AIM OF THE TASK: All lines from the one containing "Складки с боков" through the final line of the records below should be reproduced exactly, with the pictures left out.

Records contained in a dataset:
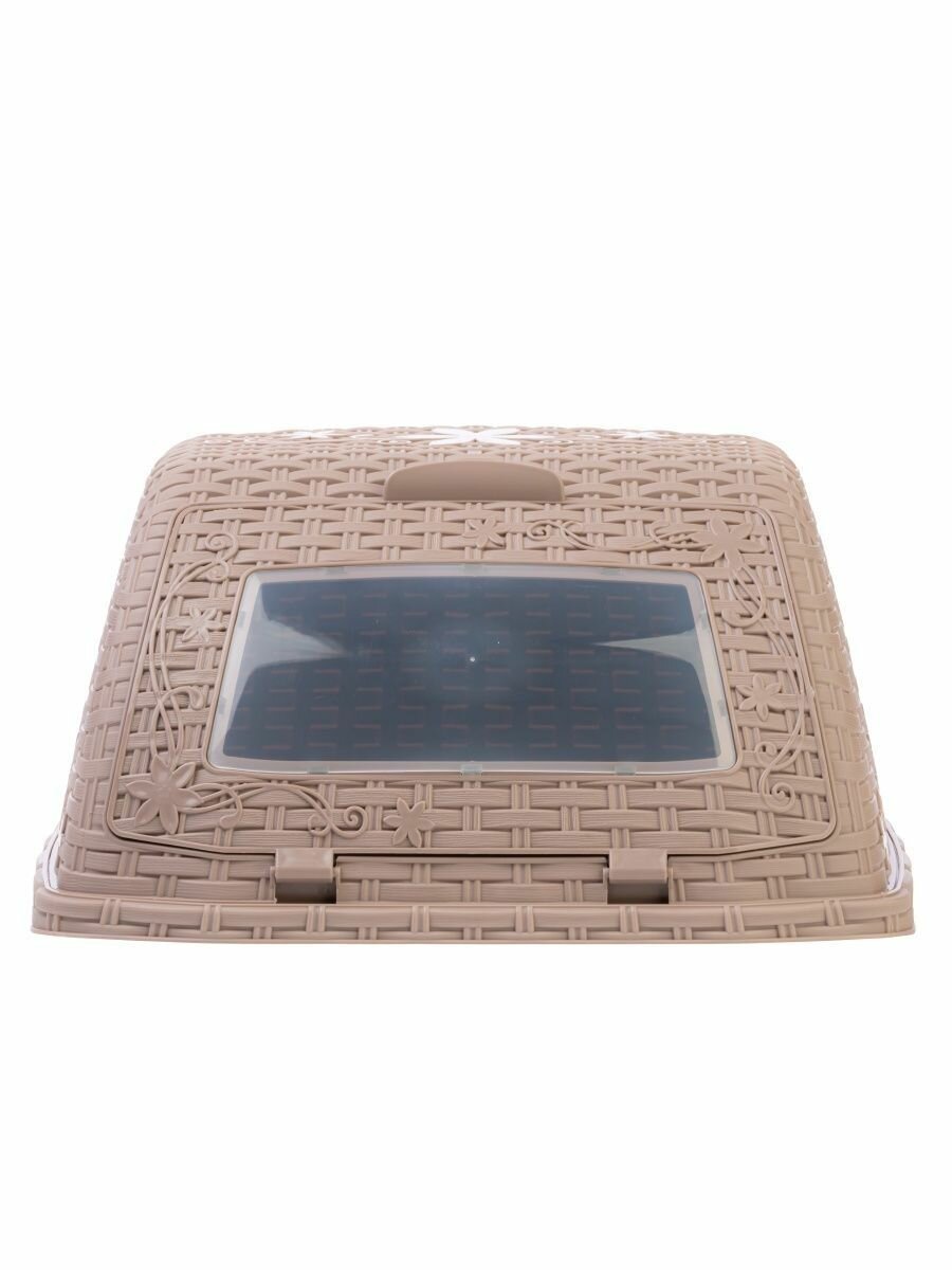 Хлебница «Плетёнка» позволяет сохранить свежесть и мягкость хлебобулочных изделий. Откидная крышка на защёлке удобна для частого открывания и закрывания изделия. Поэтому эту хлебницу можно использовать в местах общественного питания. Прозрачное окошко на крышке позволяет видеть содержимое хлебницы. Изделие изготовлено из качественного пластика, разрешённого для контакта с пищевыми продуктами.
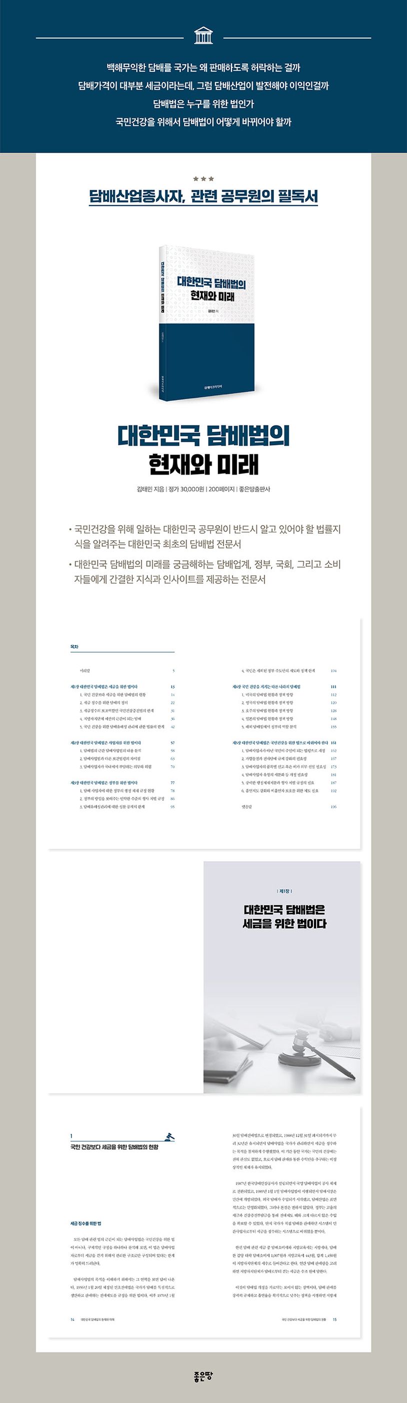 이 책은 담배법이 얼마나 세금 중심적인지를, 얼마나 사업자 중심적인지를, 정부가 얼마나 소극적인지를 법령을 통해 낱낱이 분석한다. 그리고 해외 사례도 분석하며, 국민건강을 최우선으로 하는 담배법으로의 전환을 위한 구체적인 방안을 제시한다. 결국 선진 제도를 운영하고 있는 제외국의 사례를 배우되, 국내 실정에 맞게 선별할 수 있도록 미국, 영국, 호주 등 선진국의 법령과 사례를 조사하고, 우리와 유사한 담배법 체계를 가진 일본도 함께 탐구한다.
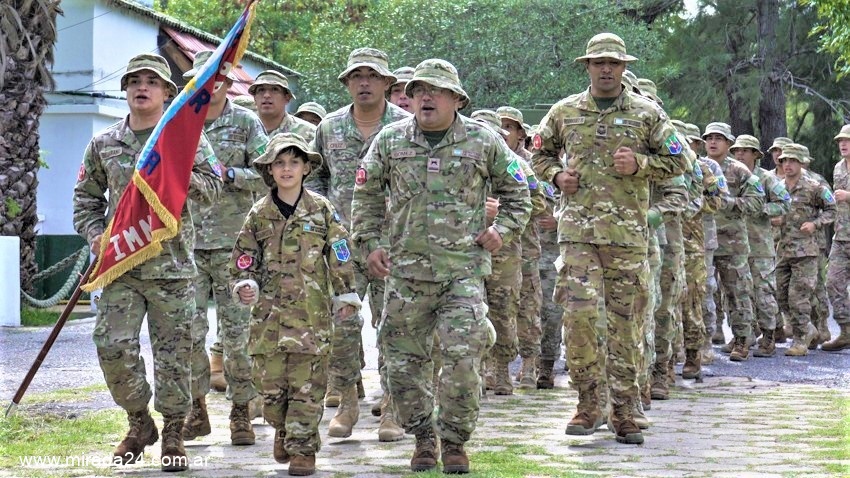 Luego, el niño formó a la cabeza con los Infantes y a paso firme marchó por las instalaciones de la Unidad, finalizando en la Pista de Monte. Allí, recorrió cada posta y se interiorizó de las capacidades y el material de supervivencia que emplea el personal durante el cumplimiento de sus tareas, recibiendo su propio equipo de combate.
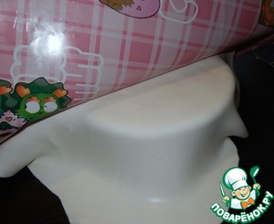 Складки с боков выгоняю на свободный край мастики, верх хорошенько разглаживаю утюжком пластиковым, потом выглаживаю бока и обрезаю лишнюю мастику. Убираю опять в холодильник на часик.
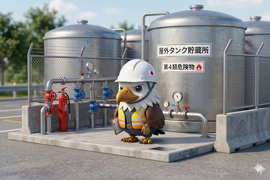 屋外タンク貯蔵所は、屋外に設置したタンクで危険物を貯蔵する施設のことだよ。火災や漏洩・爆発の危険性が高いから、位置・構造・設備・空地などに細かい基準が法令で決められているんだ。

ANSWER AREA:
 Складки с боков выгоняю на свободный край мастики, верх хорошенько разглаживаю утюжком пластиковым, потом выглаживаю бока и обрезаю лишнюю мастику. Убираю опять в холодильник на часик.
 屋外タンク貯蔵所は、屋外に設置したタンクで危険物を貯蔵する施設のことだよ。火災や漏洩・爆発の危険性が高いから、位置・構造・設備・空地などに細かい基準が法令で決められているんだ。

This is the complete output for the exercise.